Of the nine examples of belt hardware I have been able to find, that mention their dimensions, the majority (4) are approximately 15 mm wide. Two items were 25 mm wide, and the remaining three were 35 mm wide. Of the three finds that mention the presence of belt remains, all of them are leather (Welander et al., 1987; Hayeur-Smith, 2003a; Watson, 2009-10). Due to such a small sample size, it is impossible to draw any firm conclusions, but it appears that there is some evidence for Norse, or Celtic-Norse women wearing leather belts with metal decoration. It also seems quite likely that these were also slightly narrower than belts worn by men – men’s belts in one survey averaged at about 20 mm wide (Jomsborg, 2006).

Exceptions and Parallels

There are female graves that contain characteristically Norse items as well as buckles and strap ends outside of these typically Norwegian areas. It has been reported that strap-ends, and a single belt buckle, have been found within female cremation graves in Swedish Birka (Jansson, 1986; Mälarstedt, 1986), although Geijer reconstructed female Norse dress without any belt (Geijer, 1938). This is because these strap ends are believed to have been part of a 9th century fashion trend –they modified and worn as jewellery (Ericsson and Carlsson, 2001). Birka cremation grave Bj 456, identified as female but containing no paired brooches, included a buckle (Mälarstedt, 1986; Historiska Museet, 2010), although there is no way of knowing how or why it was originally worn.
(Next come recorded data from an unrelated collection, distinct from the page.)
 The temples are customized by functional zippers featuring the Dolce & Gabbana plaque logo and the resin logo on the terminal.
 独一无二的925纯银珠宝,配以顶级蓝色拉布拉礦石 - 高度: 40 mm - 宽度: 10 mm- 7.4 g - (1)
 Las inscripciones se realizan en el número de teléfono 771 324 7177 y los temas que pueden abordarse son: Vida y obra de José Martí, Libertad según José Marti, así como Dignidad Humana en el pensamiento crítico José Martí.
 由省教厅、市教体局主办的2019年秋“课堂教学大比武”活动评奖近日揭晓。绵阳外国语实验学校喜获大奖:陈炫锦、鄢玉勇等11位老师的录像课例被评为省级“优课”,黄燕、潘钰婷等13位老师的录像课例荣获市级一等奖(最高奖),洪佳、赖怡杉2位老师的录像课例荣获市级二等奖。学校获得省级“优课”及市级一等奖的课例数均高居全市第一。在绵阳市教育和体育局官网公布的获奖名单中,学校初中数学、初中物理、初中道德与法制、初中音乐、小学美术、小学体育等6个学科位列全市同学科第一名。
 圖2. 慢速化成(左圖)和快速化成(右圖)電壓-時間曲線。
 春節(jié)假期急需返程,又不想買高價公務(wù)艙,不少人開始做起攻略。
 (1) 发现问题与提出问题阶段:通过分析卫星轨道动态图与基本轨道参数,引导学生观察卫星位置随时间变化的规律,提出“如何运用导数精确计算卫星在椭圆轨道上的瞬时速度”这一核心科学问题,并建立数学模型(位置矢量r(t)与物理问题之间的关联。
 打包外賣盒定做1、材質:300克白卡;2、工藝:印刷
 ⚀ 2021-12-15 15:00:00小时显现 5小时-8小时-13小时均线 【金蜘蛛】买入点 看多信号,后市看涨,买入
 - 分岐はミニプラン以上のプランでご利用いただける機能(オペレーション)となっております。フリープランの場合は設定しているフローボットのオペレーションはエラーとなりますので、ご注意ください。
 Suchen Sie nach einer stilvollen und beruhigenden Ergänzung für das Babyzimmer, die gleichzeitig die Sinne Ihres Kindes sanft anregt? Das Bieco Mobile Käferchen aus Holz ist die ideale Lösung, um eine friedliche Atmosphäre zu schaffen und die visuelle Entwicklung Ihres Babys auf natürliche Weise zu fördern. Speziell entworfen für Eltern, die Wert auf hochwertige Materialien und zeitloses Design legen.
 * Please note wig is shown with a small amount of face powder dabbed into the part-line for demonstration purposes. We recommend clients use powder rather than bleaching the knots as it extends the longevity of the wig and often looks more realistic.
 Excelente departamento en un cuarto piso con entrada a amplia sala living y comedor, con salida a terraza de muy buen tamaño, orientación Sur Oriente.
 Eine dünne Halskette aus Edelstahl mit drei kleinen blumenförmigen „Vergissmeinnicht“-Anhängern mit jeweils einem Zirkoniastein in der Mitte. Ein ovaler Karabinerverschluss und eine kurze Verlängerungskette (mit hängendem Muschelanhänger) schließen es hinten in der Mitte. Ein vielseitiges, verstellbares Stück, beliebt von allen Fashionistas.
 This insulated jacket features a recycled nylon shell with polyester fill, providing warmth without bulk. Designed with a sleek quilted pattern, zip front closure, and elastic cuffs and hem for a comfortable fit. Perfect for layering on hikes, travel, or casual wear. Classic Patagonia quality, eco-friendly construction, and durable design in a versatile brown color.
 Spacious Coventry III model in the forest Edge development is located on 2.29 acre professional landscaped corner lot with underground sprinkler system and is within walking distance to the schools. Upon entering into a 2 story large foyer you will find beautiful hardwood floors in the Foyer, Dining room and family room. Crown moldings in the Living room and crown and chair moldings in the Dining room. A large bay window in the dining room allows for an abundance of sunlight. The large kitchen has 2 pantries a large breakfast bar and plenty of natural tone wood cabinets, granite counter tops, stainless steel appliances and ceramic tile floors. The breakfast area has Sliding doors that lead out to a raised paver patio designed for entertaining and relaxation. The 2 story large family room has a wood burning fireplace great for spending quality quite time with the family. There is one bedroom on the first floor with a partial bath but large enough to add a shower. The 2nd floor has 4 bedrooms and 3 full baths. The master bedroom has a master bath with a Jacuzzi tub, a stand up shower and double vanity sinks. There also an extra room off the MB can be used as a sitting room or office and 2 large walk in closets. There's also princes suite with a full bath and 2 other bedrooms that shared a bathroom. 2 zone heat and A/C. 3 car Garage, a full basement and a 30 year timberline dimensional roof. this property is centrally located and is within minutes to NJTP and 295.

Belt buckle from a female cremation grave

Above: Belt buckle from female cremation grave Bj 456. Photograph by Ny Björn Gustafsson, SHMM, used under a Creative Commons 'Attribution-Noncommercial-Share Alike 2.5 Sweden' License.

A carved figure on the cart buried on the 9th century Oseberg ship could also be interpreted as a woman in a short gown, wearing a tasseled belt at her waist (Universitetsmuseenes Fotoportal, 2010). Interestingly, the appearance of this woman strongly resembles the dress of the 10-11th century Skjoldehamn bog find. Located in Arctic Norway, and believed to be a Saami woman (Løvlid, 2009a,b), she was wearing a woolen, plaited belt (Gjessing, 1938) that has been recently reconstructed as ending in small, decorative tassels (Løvlid, 2009a).

Drawing of a woman decorating a panel of the Oseberg cartDrawing of a woman decorating a panel of the Oseberg cart

Left: Drawing of a woman decorating a panel of the Oseberg cart. Redrawn from Universitetsmuseenes Fotoportal (2010).
Right: Drawing of the Skjoldehamn outfit. Redrawn from Narmo (2009) and Vesterålen Info (2009).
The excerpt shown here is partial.